**Task brief**
Repeat each entry as written and leave the images out of the copy.

**Dataset records**

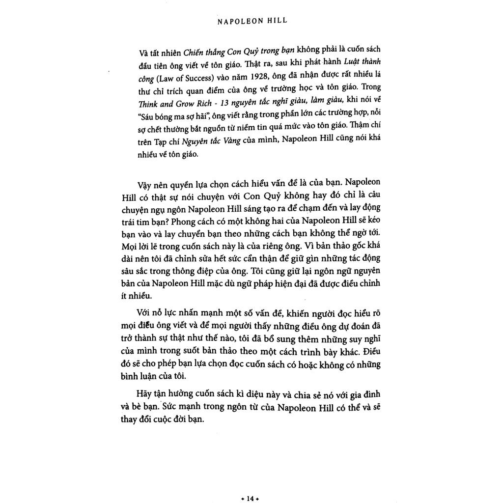 Cuốn sách là cuộc trò chuyện của Napoleon Hill và Con Quỷ. Sau bao nhiêu năm miệt mài nghiên cứu cuối cùng ông cũng phát hiện ra Con Quỷ, bắt nó phải thú tội và tiết lộ những sự thật kinh hoàng về nơi nó sống, cách nó kiểm soát tâm trí con người và cách để con người chiến thắng được nó. Khi đọc cuốn sách này, có thể bạn sẽ tự hỏi, cuộc trò chuyện này có thật không? Con Quỷ là có thật hay là một sản phẩm của trí tưởng tượng của Napoleon Hill. Nhưng quyền lựa chọn cách hiểu vấn đề là của bạn. Bởi lẽ cuối cùng, thông qua cuộc trò chuyện với Con Quỷ, Napoleon Hill đã cung cấp cho chúng ta chìa khóa để chiến thắng Con Quỷ trong cuộc sống riêng của mỗi người.
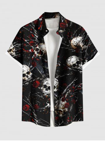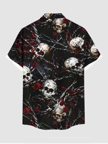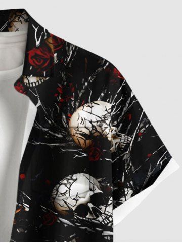 Plus Size Halloween Skulls Rose Flowers Chains Print Buttons Pocket Shirt For Men - Black - 6xl
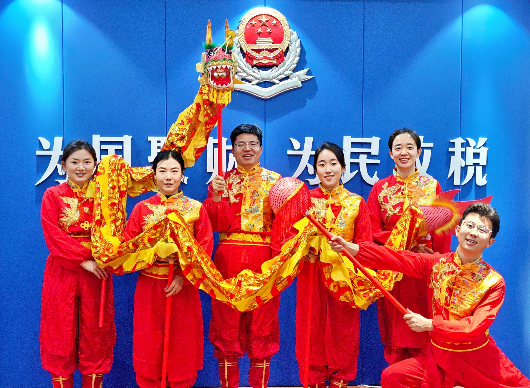 在乌兰察布市,察哈尔右翼中旗税务部门青年税干身着舞龙服、手持龙杆,引领巨龙穿梭腾跃、翻滚盘旋,舞出对新年的美好期许,舞出税务干部凝心聚力、砥砺奋进的昂扬姿态。(陈雪亮 摄)
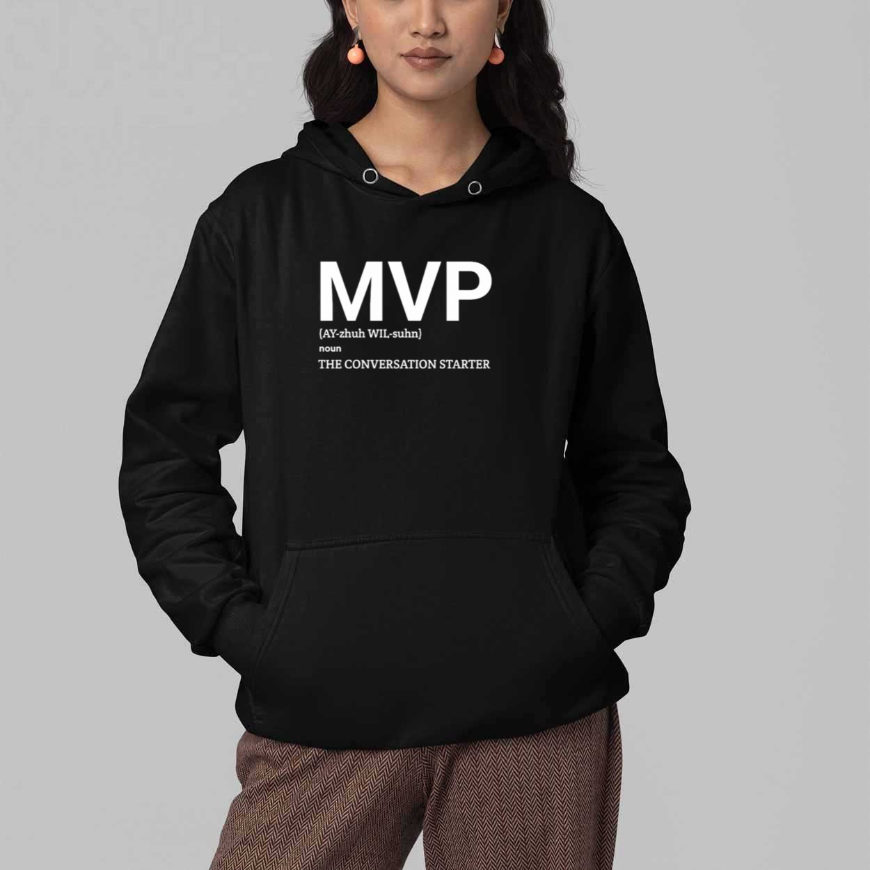 This classic black t-shirt features a bold, white text graphic that perfectly captures the unique humor of a common sentiment. The text reads: “MVP” in large, bold letters, followed by the phonetic spelling of A’ja Wilson’s name, “(AY-zhuh WIL-suhn)” and the definition, “noun THE CONVERSATION STARTER“. The minimalist design is clean and direct, letting the hilarious, long-form message speak for itself.
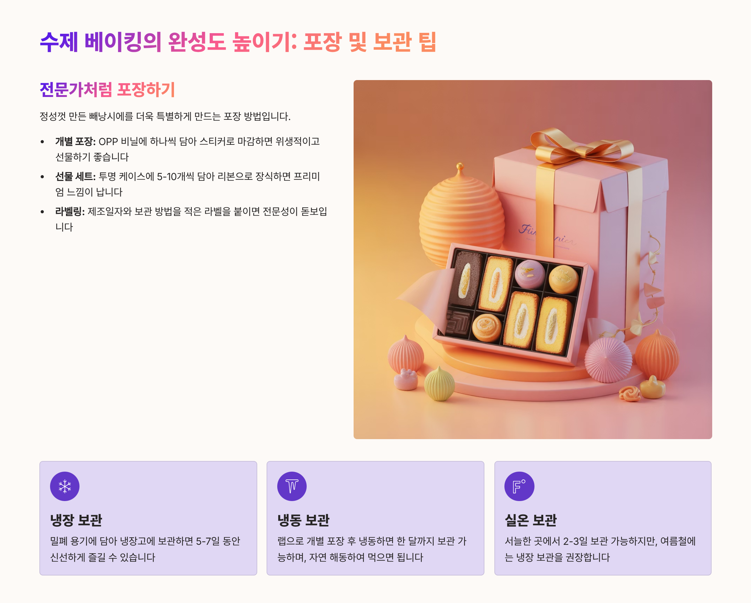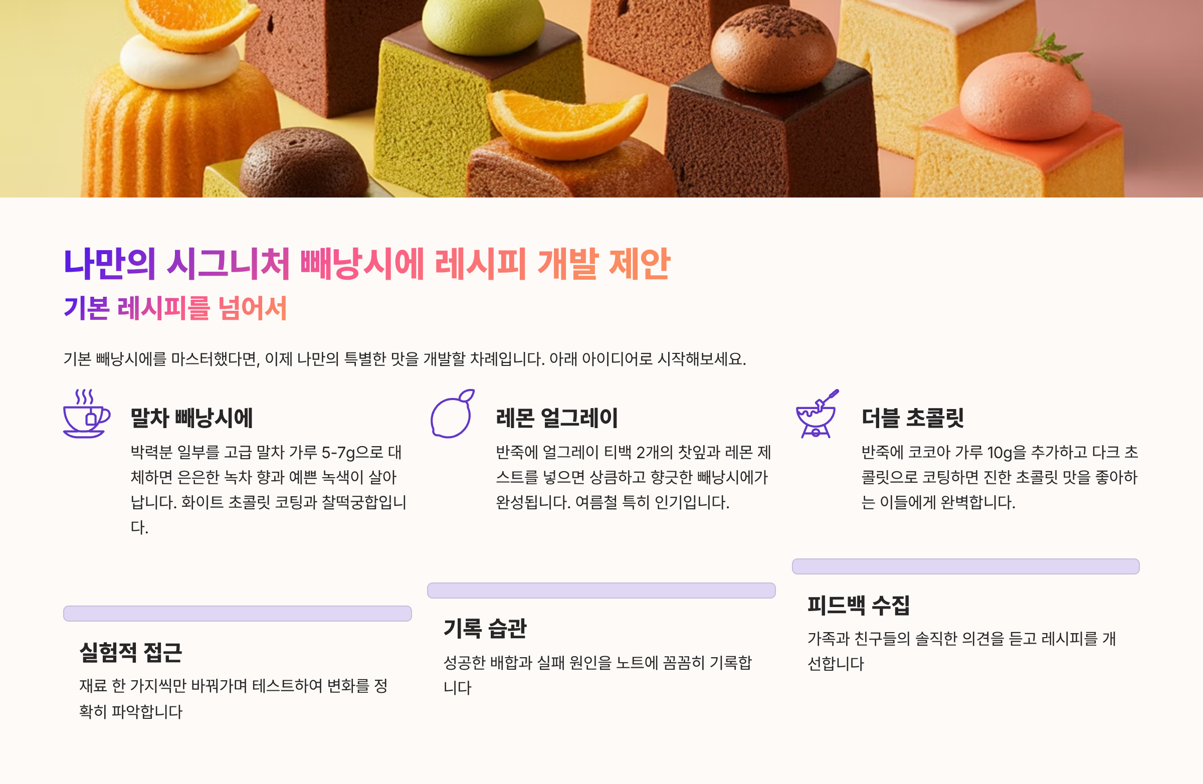 **푸터:** 데코레이션은 과유불급. 하나의 메인 토핑에 집중하여 휘낭시에 본연의 맛을 해치지 않도록 해야 합니다.
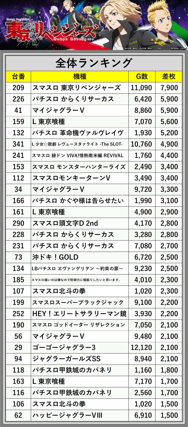※差枚数順に掲載しています
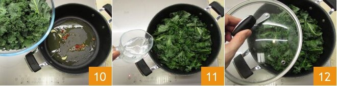 Ajoutez le chou kale 10, laissez parfumer pendant 1 minute, puis ajoutez l'eau chaude 11 et mélangez à nouveau. Salez, couvrez avec un couvercle 12 et laissez cuire environ 8 minutes.
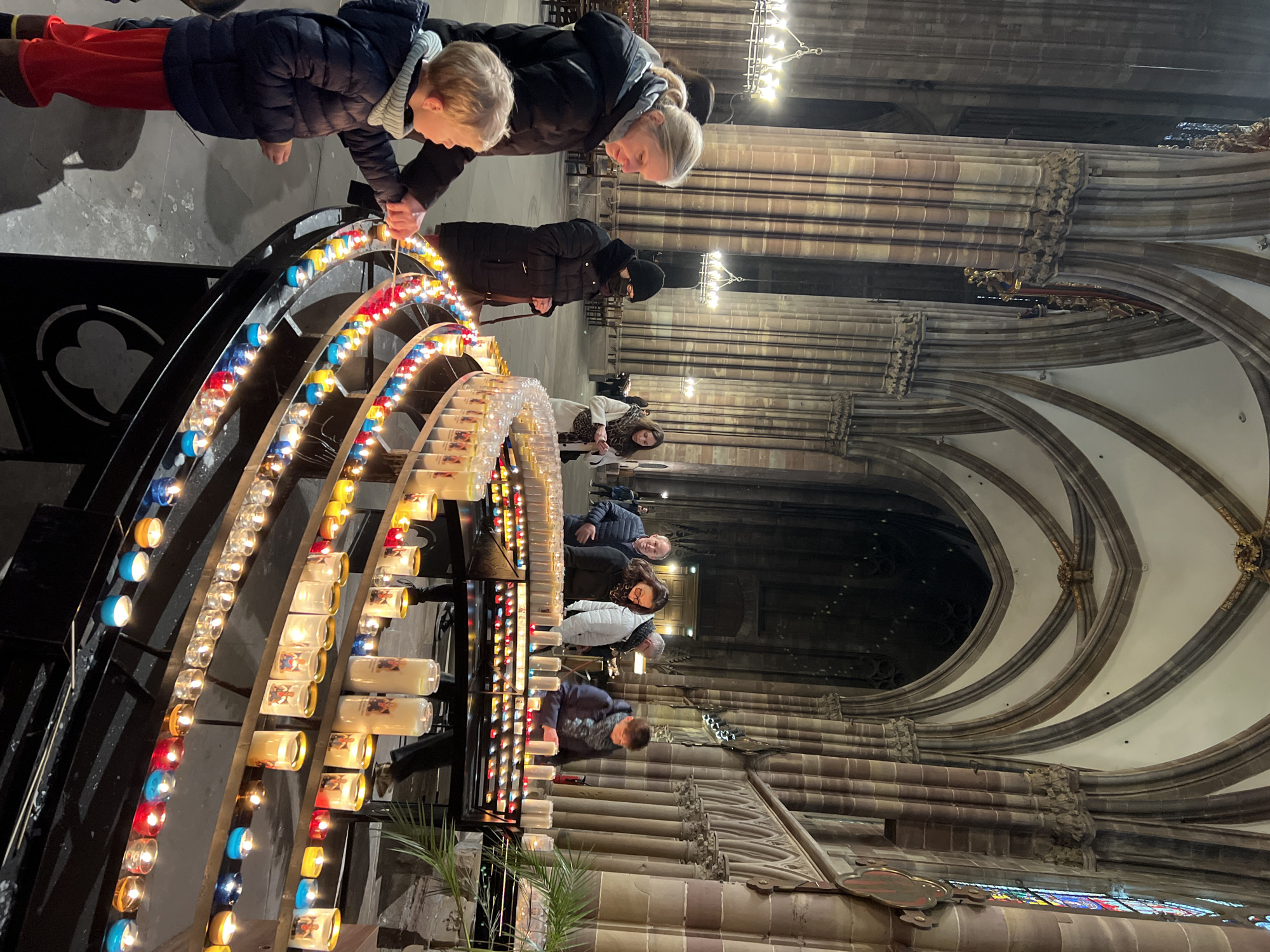 Inside Strasbourg Cathedral in Strasbourg, France, a boy and a woman are lighting candles in a large, semi-circular candle rack

**Answer**
 Cuốn sách là cuộc trò chuyện của Napoleon Hill và Con Quỷ. Sau bao nhiêu năm miệt mài nghiên cứu cuối cùng ông cũng phát hiện ra Con Quỷ, bắt nó phải thú tội và tiết lộ những sự thật kinh hoàng về nơi nó sống, cách nó kiểm soát tâm trí con người và cách để con người chiến thắng được nó. Khi đọc cuốn sách này, có thể bạn sẽ tự hỏi, cuộc trò chuyện này có thật không? Con Quỷ là có thật hay là một sản phẩm của trí tưởng tượng của Napoleon Hill. Nhưng quyền lựa chọn cách hiểu vấn đề là của bạn. Bởi lẽ cuối cùng, thông qua cuộc trò chuyện với Con Quỷ, Napoleon Hill đã cung cấp cho chúng ta chìa khóa để chiến thắng Con Quỷ trong cuộc sống riêng của mỗi người.
 Plus Size Halloween Skulls Rose Flowers Chains Print Buttons Pocket Shirt For Men - Black - 6xl
 在乌兰察布市,察哈尔右翼中旗税务部门青年税干身着舞龙服、手持龙杆,引领巨龙穿梭腾跃、翻滚盘旋,舞出对新年的美好期许,舞出税务干部凝心聚力、砥砺奋进的昂扬姿态。(陈雪亮 摄)
 This classic black t-shirt features a bold, white text graphic that perfectly captures the unique humor of a common sentiment. The text reads: “MVP” in large, bold letters, followed by the phonetic spelling of A’ja Wilson’s name, “(AY-zhuh WIL-suhn)” and the definition, “noun THE CONVERSATION STARTER“. The minimalist design is clean and direct, letting the hilarious, long-form message speak for itself.
 **푸터:** 데코레이션은 과유불급. 하나의 메인 토핑에 집중하여 휘낭시에 본연의 맛을 해치지 않도록 해야 합니다.
※差枚数順に掲載しています
 Ajoutez le chou kale 10, laissez parfumer pendant 1 minute, puis ajoutez l'eau chaude 11 et mélangez à nouveau. Salez, couvrez avec un couvercle 12 et laissez cuire environ 8 minutes.
 Inside Strasbourg Cathedral in Strasbourg, France, a boy and a woman are lighting candles in a large, semi-circular candle rack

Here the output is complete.